## Problem to solve
Send each entry back exactly as given, pictures excluded.

+ + + + +

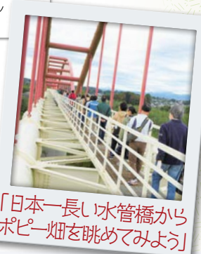
「日本一長い水管橋からポピー畑を眺めてみよう」
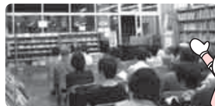
大人のための朗読のタベ(中央図書館)
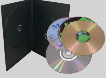
CDs (सीड डियों), DVDs (डीवीडी) तथा बक से

इन चीजों को आप अपने कचरे की गाड़ी में डालें ।
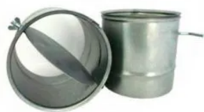
Colarinho para Duto Flexível c/Registro
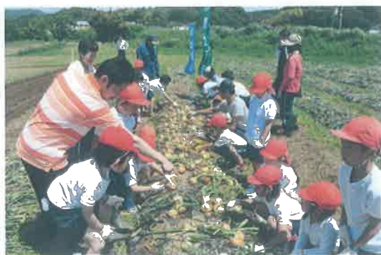
子どもへの食農教育
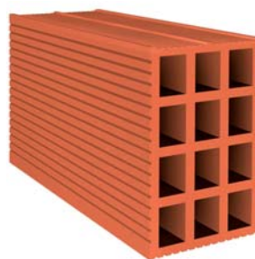
[ hueco triple ]
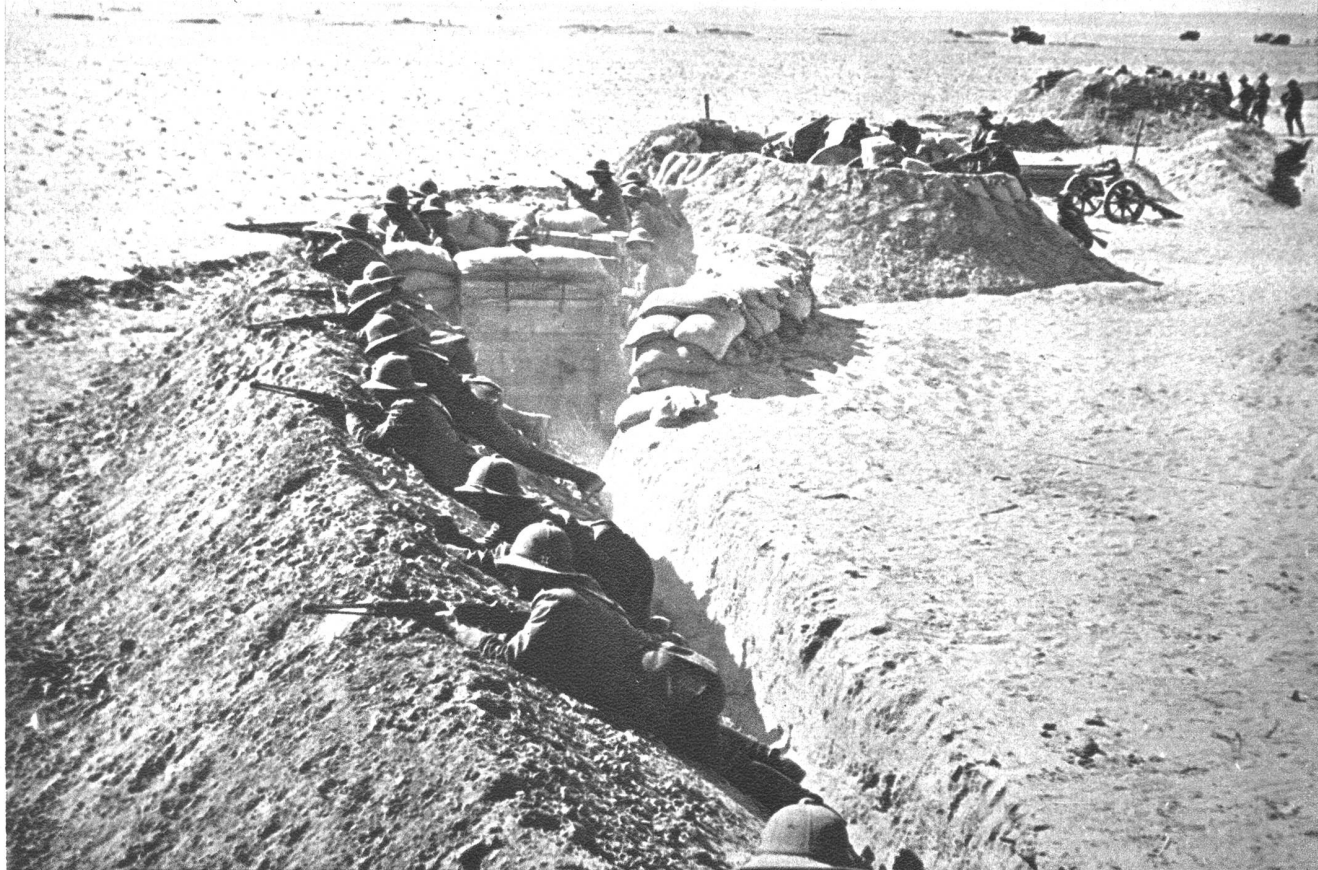
Wawells libysche Armee wieder stossbereit: Italienisch-deutsche Verteidigungslinien in der Syrtenwüste. Trotzdem die britischen Mittelmeer- und Ostafrika-Armeen gegenwärtig genügend Fronten zu decken haben, an denen grosse Aktionen bereits laufen oder nächstens zu erwarten sind, will sich General Wawell wohl die Initiative in der Cyrenaika nicht wegnehmen lassen. Australische Tankformationen sind soeben tief in die östliche Partie der Syrtenwüste vorgedrungen, ohne auf Widerstand zu stossen. Dass aber die Italiener und die Deutschen fieberhaft an einem Verteidigungssystem arbeiten, beweist dieses Bild, das in der Syrtenwüste aufgenommen wurde. Ein tief gestaffeltes System von Feldbefestigungen und Werken soll den erwarteten Stoss von Wawells Armee gegen Tripolitaniens aufhalten. Da die Aktionen nicht nur langs der Wüstenstrasse erwartet werden, so erstrecken sich diese Verteidigungsmassnahmen auch weit ins Innere der Wüste.
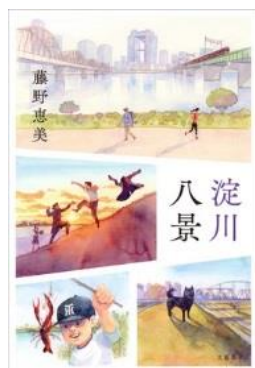
淀川八景 藤野恵美/著 文藝春秋 2019年4月出版

すれ違い始めた妻の気持ちを思いながら、夫は淀川源流を目指し歩く。『ひとりで、どこまでも、歩いてみよう。川の流れに逆らって……。』(「ポロロッカ」より)大阪生まれ・大阪育ち・大阪在住の著者が、淀川の風景を明るく、切なく、温かく描き出す短編集。
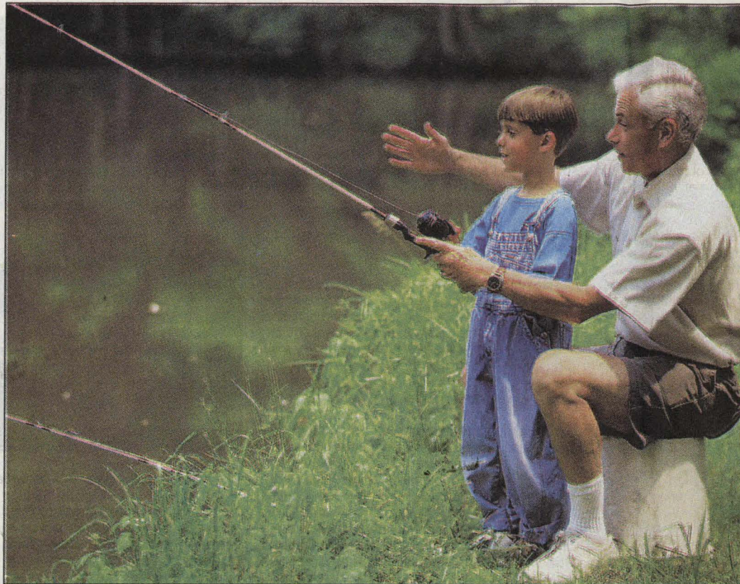
L'Agenda 21 : une démarche pour permettre aux générations futures d'hériter de ressources.

La mise en œuvre d'un Agenda 21 local induit le développement d'une nouvelle « gouvernance », approche
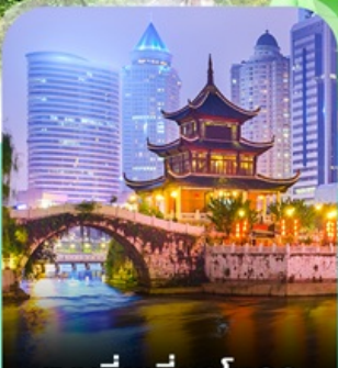
หอเจียเซียงโหลว
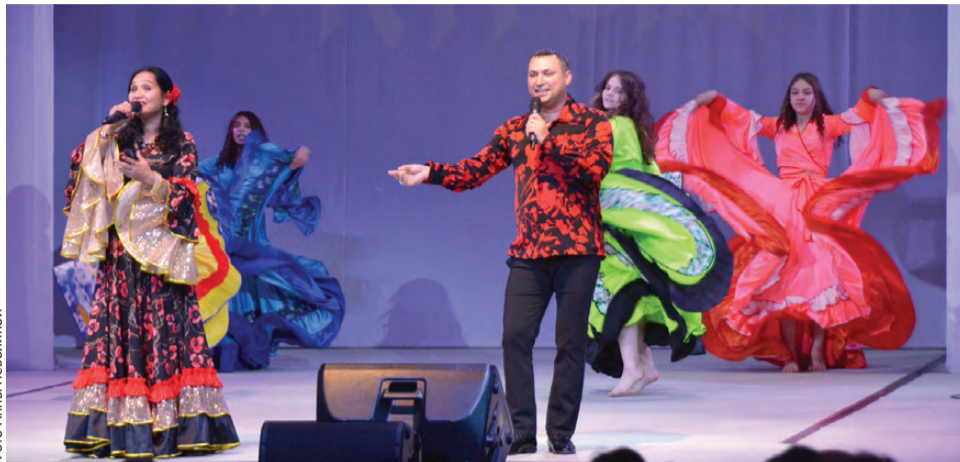
Выступают гости Первоуральска

В Первоуральске вновь прошел фестиваль цыганской культуры «Рома Урала», объединяющий тех, кому по сердцу культура вольного народа – неважно, какого ты рода-племени и где живешь. А таких немало: гала-концерт прошел с аншлагом!
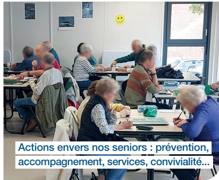
Actions envers nos seniors : prévention, accompagnement, services, convivialité...
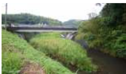
小倉川の寄り洲除去、除草
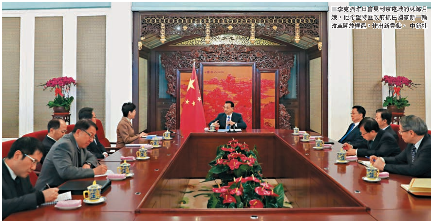
李克強昨日會見到京述職的林鄭月娥，他希望特區政府抓住國家新一輪改革開放機遇，作出新貢獻。

香港文匯報訊(記者 馬靜 北京報道)國務院總理李克強昨日會見到北京述職的香港特區行政長官林鄭月娥。他充分肯定特區政府過去一年工作，包括大力推進創科發展、想方設法解決民生問題、積極參與粵港澳大灣區建設，並特別提到香港作為自由港及單獨關稅區，在複雜國際形勢下保持了平穩經濟增長，來之不易。他希望特區政府抓住國家新一輪改革開放機遇，認為這有利於香港自身發展和需要，又能夠為國家繼續發揮獨特作用，作出新貢獻。
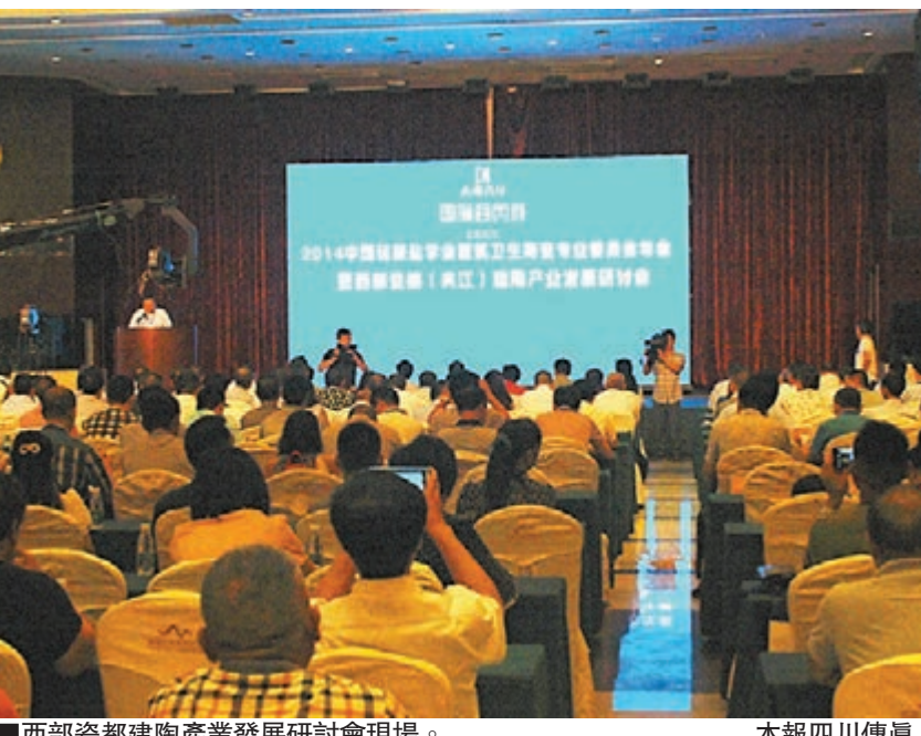
■西部瓷都建陶產業發展研討會現場。

香港文匯報訊(記者 李兵 樂山報導)2014年中國硅酸鹽學會陶瓷分會建築衛生陶瓷專業委員會年會暨西部瓷都建陶產業發展研討會日前在四川省樂山市夾江縣隆重舉行,來自內地各省市的業內專家及企業家代表共計400餘人參與會議。專家認真研究建陶產業發展趨勢,助夾江陶瓷轉型升級,成效顯著。
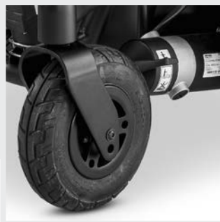
Roues directrices avec jante en aluminium
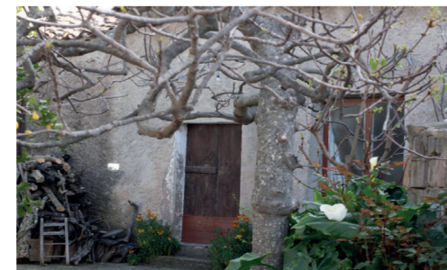
Casa contadina del 1700 Via Umberto 32

Il mulino per grano della seconda metà dell'800.

+ + + + +

## Exercise result
「日本一長い水管橋からポピー畑を眺めてみよう」
大人のための朗読のタベ(中央図書館)
CDs (सीड डियों), DVDs (डीवीडी) तथा बक से

इन चीजों को आप अपने कचरे की गाड़ी में डालें ।
Colarinho para Duto Flexível c/Registro
子どもへの食農教育
[ hueco triple ]
Wawells libysche Armee wieder stossbereit: Italienisch-deutsche Verteidigungslinien in der Syrtenwüste. Trotzdem die britischen Mittelmeer- und Ostafrika-Armeen gegenwärtig genügend Fronten zu decken haben, an denen grosse Aktionen bereits laufen oder nächstens zu erwarten sind, will sich General Wawell wohl die Initiative in der Cyrenaika nicht wegnehmen lassen. Australische Tankformationen sind soeben tief in die östliche Partie der Syrtenwüste vorgedrungen, ohne auf Widerstand zu stossen. Dass aber die Italiener und die Deutschen fieberhaft an einem Verteidigungssystem arbeiten, beweist dieses Bild, das in der Syrtenwüste aufgenommen wurde. Ein tief gestaffeltes System von Feldbefestigungen und Werken soll den erwarteten Stoss von Wawells Armee gegen Tripolitaniens aufhalten. Da die Aktionen nicht nur langs der Wüstenstrasse erwartet werden, so erstrecken sich diese Verteidigungsmassnahmen auch weit ins Innere der Wüste.
淀川八景 藤野恵美/著 文藝春秋 2019年4月出版

すれ違い始めた妻の気持ちを思いながら、夫は淀川源流を目指し歩く。『ひとりで、どこまでも、歩いてみよう。川の流れに逆らって……。』(「ポロロッカ」より)大阪生まれ・大阪育ち・大阪在住の著者が、淀川の風景を明るく、切なく、温かく描き出す短編集。
L'Agenda 21 : une démarche pour permettre aux générations futures d'hériter de ressources.

La mise en œuvre d'un Agenda 21 local induit le développement d'une nouvelle « gouvernance », approche
หอเจียเซียงโหลว
Выступают гости Первоуральска

В Первоуральске вновь прошел фестиваль цыганской культуры «Рома Урала», объединяющий тех, кому по сердцу культура вольного народа – неважно, какого ты рода-племени и где живешь. А таких немало: гала-концерт прошел с аншлагом!
Actions envers nos seniors : prévention, accompagnement, services, convivialité...
小倉川の寄り洲除去、除草
李克強昨日會見到京述職的林鄭月娥，他希望特區政府抓住國家新一輪改革開放機遇，作出新貢獻。

香港文匯報訊(記者 馬靜 北京報道)國務院總理李克強昨日會見到北京述職的香港特區行政長官林鄭月娥。他充分肯定特區政府過去一年工作，包括大力推進創科發展、想方設法解決民生問題、積極參與粵港澳大灣區建設，並特別提到香港作為自由港及單獨關稅區，在複雜國際形勢下保持了平穩經濟增長，來之不易。他希望特區政府抓住國家新一輪改革開放機遇，認為這有利於香港自身發展和需要，又能夠為國家繼續發揮獨特作用，作出新貢獻。
■西部瓷都建陶產業發展研討會現場。

香港文匯報訊(記者 李兵 樂山報導)2014年中國硅酸鹽學會陶瓷分會建築衛生陶瓷專業委員會年會暨西部瓷都建陶產業發展研討會日前在四川省樂山市夾江縣隆重舉行,來自內地各省市的業內專家及企業家代表共計400餘人參與會議。專家認真研究建陶產業發展趨勢,助夾江陶瓷轉型升級,成效顯著。
Roues directrices avec jante en aluminium
Casa contadina del 1700 Via Umberto 32

Il mulino per grano della seconda metà dell'800.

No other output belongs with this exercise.